§ Data shown:
----------------

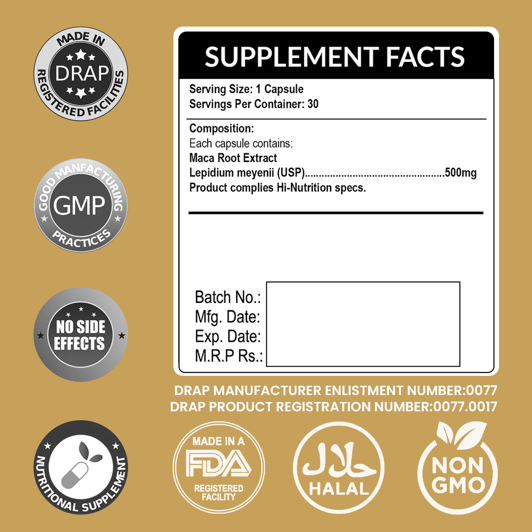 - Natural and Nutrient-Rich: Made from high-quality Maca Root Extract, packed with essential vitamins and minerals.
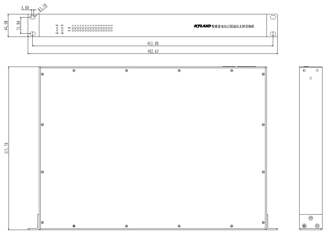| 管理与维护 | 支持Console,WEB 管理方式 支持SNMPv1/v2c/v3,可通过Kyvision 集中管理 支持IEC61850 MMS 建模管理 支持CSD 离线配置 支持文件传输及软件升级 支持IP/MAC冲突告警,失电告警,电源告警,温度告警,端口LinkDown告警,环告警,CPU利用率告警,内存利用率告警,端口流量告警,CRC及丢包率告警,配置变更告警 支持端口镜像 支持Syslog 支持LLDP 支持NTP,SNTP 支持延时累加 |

----------------

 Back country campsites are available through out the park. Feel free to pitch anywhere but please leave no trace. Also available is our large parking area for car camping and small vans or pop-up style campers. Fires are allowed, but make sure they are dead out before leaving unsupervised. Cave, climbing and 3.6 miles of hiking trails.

----------------

§ Your task: For this task, return exactly the stretch of the listing above from the line with "- Natural and" through the line with "支持NTP,SNTP 支持延时累加 |", inclusive and without pictures.

§ Solution to this exercise:
 - Natural and Nutrient-Rich: Made from high-quality Maca Root Extract, packed with essential vitamins and minerals.
| 管理与维护 | 支持Console,WEB 管理方式 支持SNMPv1/v2c/v3,可通过Kyvision 集中管理 支持IEC61850 MMS 建模管理 支持CSD 离线配置 支持文件传输及软件升级 支持IP/MAC冲突告警,失电告警,电源告警,温度告警,端口LinkDown告警,环告警,CPU利用率告警,内存利用率告警,端口流量告警,CRC及丢包率告警,配置变更告警 支持端口镜像 支持Syslog 支持LLDP 支持NTP,SNTP 支持延时累加 |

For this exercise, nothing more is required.